SOURCE DATA section start

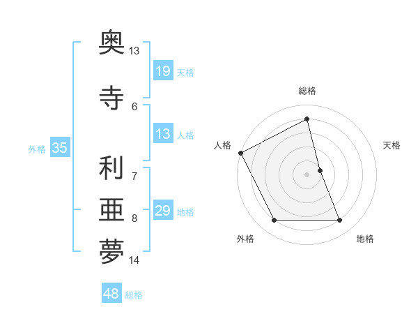 奥寺 利亜夢さんを姓名の画数から五運を鑑定
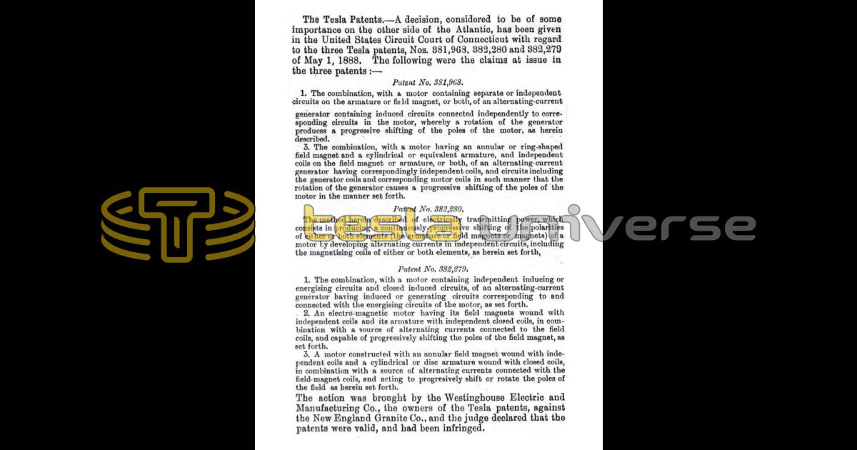 The action was brought by the Westinghouse Electric and Manufacturing Co., the owners of the Tesla patents, against the New England Granite Co., and the judge declared that the patents were valid, and had been infringed.
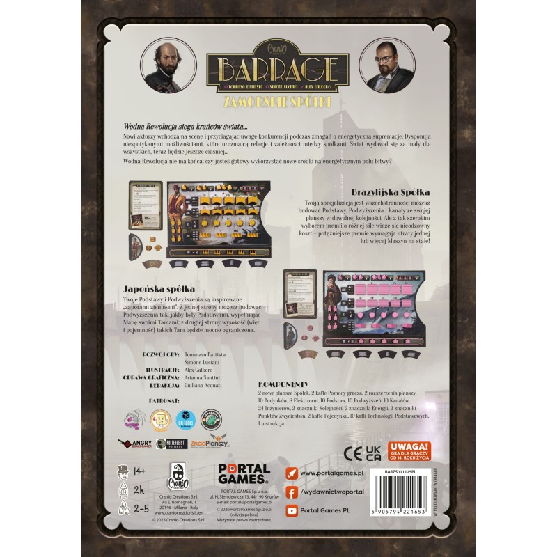 wydanie polskieDołącz do gry w Barrage dwie nowe Spółki - brazylijską i japońską, które mają unikatowe cechy zarówno pod względem mechaniki gry, jak i komponentów.

SOURCE DATA section end

→ EXERCISE REQUIREMENTS
Restate the lines above exactly, from the one bearing "The action was" through the final line of the material, both included, omitting pictures.

→ TASK RESULT
 The action was brought by the Westinghouse Electric and Manufacturing Co., the owners of the Tesla patents, against the New England Granite Co., and the judge declared that the patents were valid, and had been infringed.
 wydanie polskieDołącz do gry w Barrage dwie nowe Spółki - brazylijską i japońską, które mają unikatowe cechy zarówno pod względem mechaniki gry, jak i komponentów.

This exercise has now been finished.